WORK TO BE COMPLETED →
Omit the pictures and extract only the lines from the line containing "画像では分かりづらいですが、ビルの壁を利用して吊られた状態で" to the end of the material, each exactly as written.

RECORDS SHOWN →
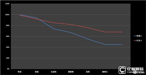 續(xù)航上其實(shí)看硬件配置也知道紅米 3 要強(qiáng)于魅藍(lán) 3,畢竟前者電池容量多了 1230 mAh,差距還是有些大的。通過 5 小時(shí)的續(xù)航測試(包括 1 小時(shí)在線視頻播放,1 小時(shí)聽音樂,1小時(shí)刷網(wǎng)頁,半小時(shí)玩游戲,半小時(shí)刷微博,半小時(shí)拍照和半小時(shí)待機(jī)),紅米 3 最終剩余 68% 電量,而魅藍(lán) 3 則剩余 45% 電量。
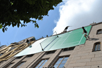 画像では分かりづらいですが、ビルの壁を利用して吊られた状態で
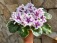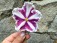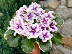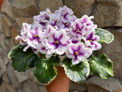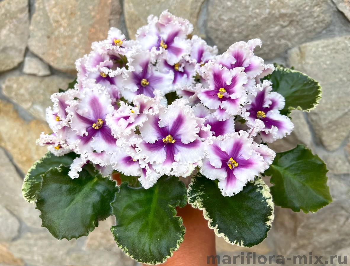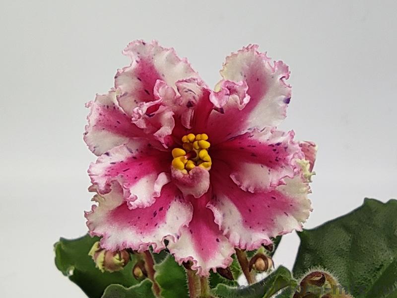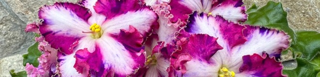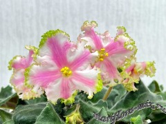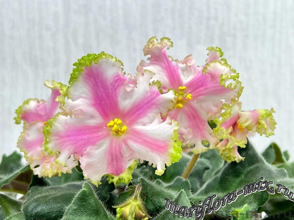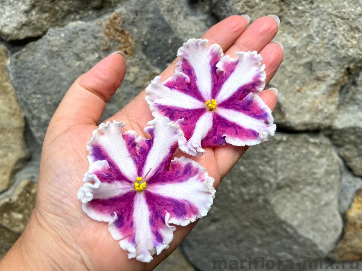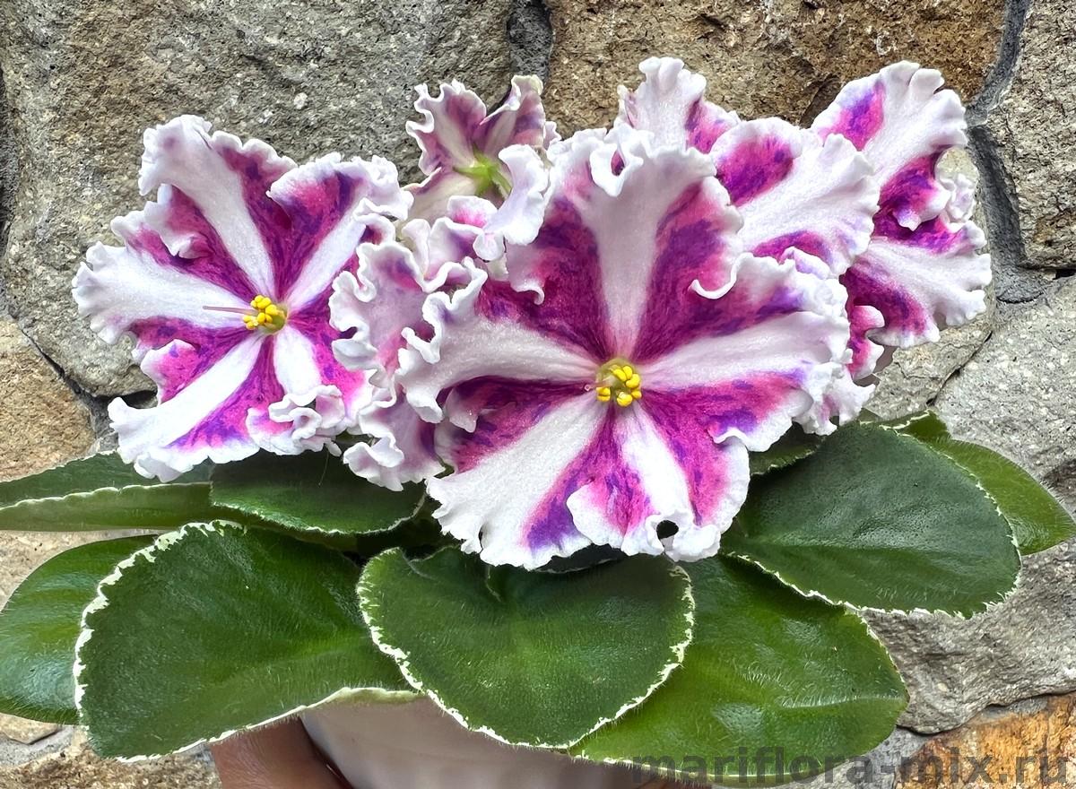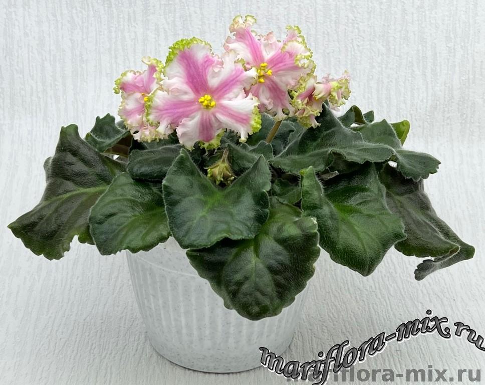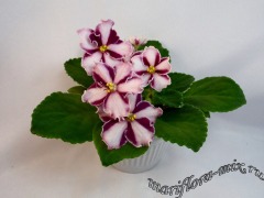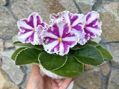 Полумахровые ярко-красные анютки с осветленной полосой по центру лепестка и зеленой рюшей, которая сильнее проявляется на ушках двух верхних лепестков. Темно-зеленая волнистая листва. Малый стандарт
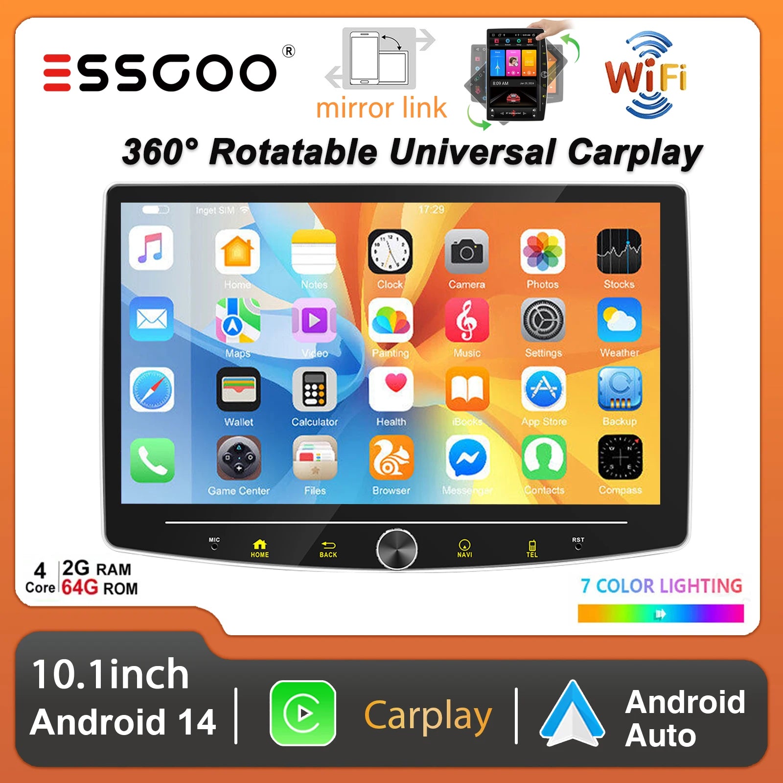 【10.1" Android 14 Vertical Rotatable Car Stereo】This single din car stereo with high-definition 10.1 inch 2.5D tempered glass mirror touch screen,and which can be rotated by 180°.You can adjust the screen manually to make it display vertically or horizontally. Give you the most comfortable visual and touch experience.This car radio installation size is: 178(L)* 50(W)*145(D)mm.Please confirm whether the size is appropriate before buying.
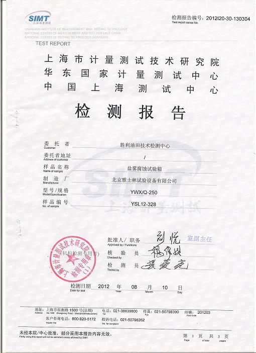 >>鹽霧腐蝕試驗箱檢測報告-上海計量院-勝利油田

ANSWER SPACE →
 画像では分かりづらいですが、ビルの壁を利用して吊られた状態で
 Полумахровые ярко-красные анютки с осветленной полосой по центру лепестка и зеленой рюшей, которая сильнее проявляется на ушках двух верхних лепестков. Темно-зеленая волнистая листва. Малый стандарт
 【10.1" Android 14 Vertical Rotatable Car Stereo】This single din car stereo with high-definition 10.1 inch 2.5D tempered glass mirror touch screen,and which can be rotated by 180°.You can adjust the screen manually to make it display vertically or horizontally. Give you the most comfortable visual and touch experience.This car radio installation size is: 178(L)* 50(W)*145(D)mm.Please confirm whether the size is appropriate before buying.
 >>鹽霧腐蝕試驗箱檢測報告-上海計量院-勝利油田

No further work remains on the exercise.